I always found Segev arrogant, the type of man who thought that being a young, good-looking doctor automatically gave him extra rights and credit. I can’t remember any noteworthy legislation he proposed during his four years in the Knesset.
He shot to public attention when in 1992 he was elected, without prior political experience, on Rafael Eitan’s right-wing Tsomet list. Eitan’s later loathing for Segev was ahead of its time.
In 1994, Segev split from Tsomet and formed a new faction, Yiud, along with Alex Goldfarb and Esther Salmovitz, who like him owed their Knesset seats to Eitan. In return for being granted the position of energy minister, Segev supported the Second Oslo Accord that Tsomet so opposed.
His vote together with that of Goldfarb, who had been appointed deputy minister of construction and housing, allowed Oslo II to pass 61:59 in October 1995.
Many on the political Right would say that it was the first sign that he was selfish, greedy – and for sale.
His political career ended the following year. His career as would-be businessman and (allegedly) spy has now also come to an abrupt halt, leaving the Israeli public (and the intelligence agencies) wondering what information he sold or gave away to the Iranians. And what potential harm it has caused the country’s security, apart from the obvious blow in the field of psychological warfare.
According to various media reports, Segev claims that he had been a double agent, not serving Iran, to enable him to return home to Israel “as a hero” and regain his medical license, revoked after his drug-deal conviction.
That might be the hardest story for him to sell yet.
Incidentally, when in 2002 the Shin Bet warned him that he was a potential Hezbollah kidnapping target, he dismissed the fears. (Former IDF colonel Elhanan Tannenbaum was abducted by the terrorist organization in 2000, reportedly while in Dubai to complete a drug deal. He was returned in 2004 in a prisoner swap.)
In an op-ed in Yediot Aharonot this week, Yonatan Yavin noted that “satirist Einav Galili wrote on Facebook that ‘Segev is such an idiot that if they were to do a James Bond movie on him it would be called Agent 000.’ I’d call him Dr. No.”
It’s good that we can laugh, but the joke’s on us. This is not the spy who loved us.

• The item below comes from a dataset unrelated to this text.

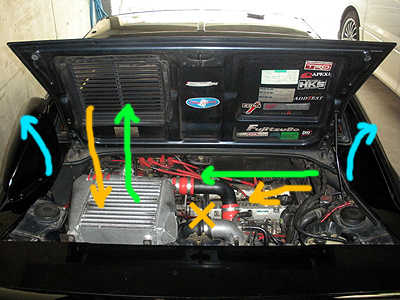 大黒Pオフでお会いし、みんカラでもお友達のsho-zさんがエンジンルームの熱気を逃がすために、FRPでダクトを自作されました(凄い!)。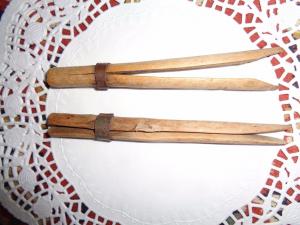 (2) Antique Hand Made Wood with Metal Collar Clothes Pins Primitives

As Yavin put it: “The entire system is struck by mass stupidity when it comes to casting. Fact: It allows someone with a criminal mind (not particularly bright, apparently) to become an officer, doctor, and finally also a government minister. And if you say ‘But who knew?’ I’ll tell you: Someone knew. Someone always knows and ignores it. It’s a pattern.”
And indeed Segev, the former energy minister turned drug dealer and alleged spy, already belongs on a long and ignoble list including a former president, prime minister, finance minister, health minister, interior minister and others who have served time in prison on a range of charges from rape (in the case of ex-president Moshe Katsav) to corruption (Ehud Olmert, Avraham Hirschson, Shlomo Benizri and Aryeh Deri).
That I met Bishara and Segev while they were serving as Knesset members in the mid-1990s (along with everyone else in that excruciatingly non-exclusive club of politicians who landed in jail) is disheartening to say the least.
When politicians are willing to sell their principles, we all pay the price. When they are willing to betray their country, the cost is unbearably high.
It’s time for the public to insist that party candidates have political convictions of the right kind: the kind not for sale and that won’t take them from the House to the courthouse.